On March 5, 2016, the Company shareholders voted in favor of an amendment to its Articles of Incorporation to increase the total number of shares of authorized capital stock to 800,000,000 shares consisting of (i) 750,000,000 shares of common stock and (ii) 50,000,000 shares of preferred stock from 220,000,000 shares consisting of (i) 200,000,000 shares of common stock and (ii) 20,000,000 shares of preferred stock.
Effective March 8, 2018, we conducted a reverse split of our common stock at a ratio of 1 for 150. All share and per share information in the accompanying consolidated financial statements and footnotes has been retroactively restated to reflect the reverse split.
On July 24, 2019, the Company filed a Certificate of Change (the “Certificate of Change”) with the Nevada Secretary of State. The Certificate of Change provides for (i) a 1-for-15 reverse split (the “Reverse Split”) of the Company’s common stock, $0.0001 par value per share, and the Company’s preferred stock, $0.0001 par value per share, (ii) a reduction in the number of authorized shares of common stock in direct proportion to the Reverse Split (i.e. from 750,000,000 shares to 50,000,000 shares), and (iii) a reduction in the number of authorized shares of preferred stock in direct proportion to the Reverse Split (i.e. from 50,000,000 shares to 3,333,333 shares). No fractional shares will be issued in connection with the Reverse Split. Stockholders who otherwise would be entitled to receive fractional shares of common stock or preferred stock, as the case may be, will have the number of post-Reverse Split shares to which they are entitled rounded up to the nearest whole number of shares. No stockholders will receive cash in lieu of fractional shares. The Reverse Split was approved by FINRA on August 19, 2019.
The authorized capital of the Company consists of 50,000,000 shares of common stock, par value $0.0001 per share and 3,333,333 shares of preferred stock, par value $0.0001 per share. As of December 31, 2020, and 2019, there were 4,080,017 and 121,216 shares of common stock and 0 shares of preferred stock issued and outstanding, respectively.
Preferred Stock
On December 5, 2017, pursuant to the approval of our board of directors and a majority of the shareholders in each class, we amended the Certificates of Designation for our Series C, D, E, H, I, J, and K Preferred Stock. The amendments changed the conversion rights of these classes of preferred stock such that the Maximum Conversion as defined in each such Certificate of Designation was increased from 4.99% to 9.99% of our outstanding shares of common stock.

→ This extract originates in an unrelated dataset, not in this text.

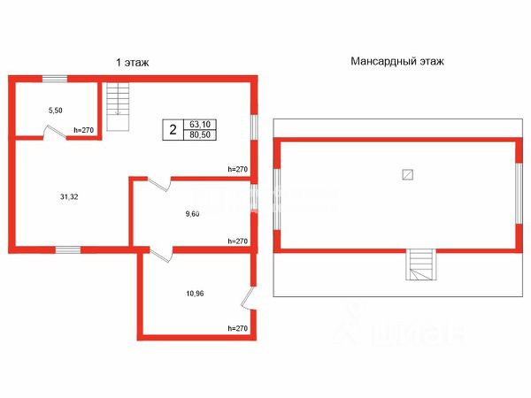 2 этаж: четыре комнаты, две из которых имеют выходы на балконы.
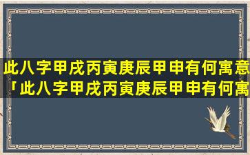 此八字甲戌丙 🐞 寅庚辰甲申的寓意 ☘ 如 🐟 下:

On May 20, 2019, following the approval on May 14, 2019 of the Board of Directors, the Company and a majority of the shareholders of the Series E preferred stock, the Company filed an Amended and Restated Certificate of Designations for the Company’s Series E preferred stock. The amendments had the effect of changing the conversion rights such that the 9.99% blocker was eliminated
On July 12, 2019, pursuant to the approval of our board of directors and a majority of the shareholders in each class, we amended the Certificates of Designation for our Series E, I and L Preferred Stock. The amendments had the effect of authorizing the Company’s Board to require the conversion of the Series E, I and L preferred stock into common stock of the Company at the then-applicable conversion ratio, without the approval of any holders of Series E, I and L preferred stock.
Also on July 12, 2019, the Company filed Certificates of Withdrawal of Certificate of Designations for the Company’s Series A, B, C, D, F, G, H and J preferred stock, pursuant to which the Series A, B, C, D, F, G, H and J preferred stock was cancelled.
On July 15, 2019, the Company filed a Certificate of Withdrawal of Certificate of Designations (the “Series K Certificate”) for the Company’s Series K preferred stock, pursuant to which the Series K preferred stock was cancelled.
On July 18, 2019, the Company filed Certificates of Withdrawal of Designations for the Company’s Series E, I and L preferred stock, pursuant to which the Series E, I and L preferred stock was cancelled.
As of December 31, 2020 and 2019, there were no shares of Series A, B, C, D, E, F, G, H, I, J, K and L convertible preferred stock authorized, and no preferred shares issued and outstanding.
Common Stock
For the year ended December 31, 2020
The Company issued a total of 3,958,801 shares of common stock during the year ended December 31, 2020, as described below:
On January 30, 2020, the Company issued an aggregate of 18,147 common stock upon the conversion of $1,815 of its convertible debt, at the conversion rate of $0.10 per share.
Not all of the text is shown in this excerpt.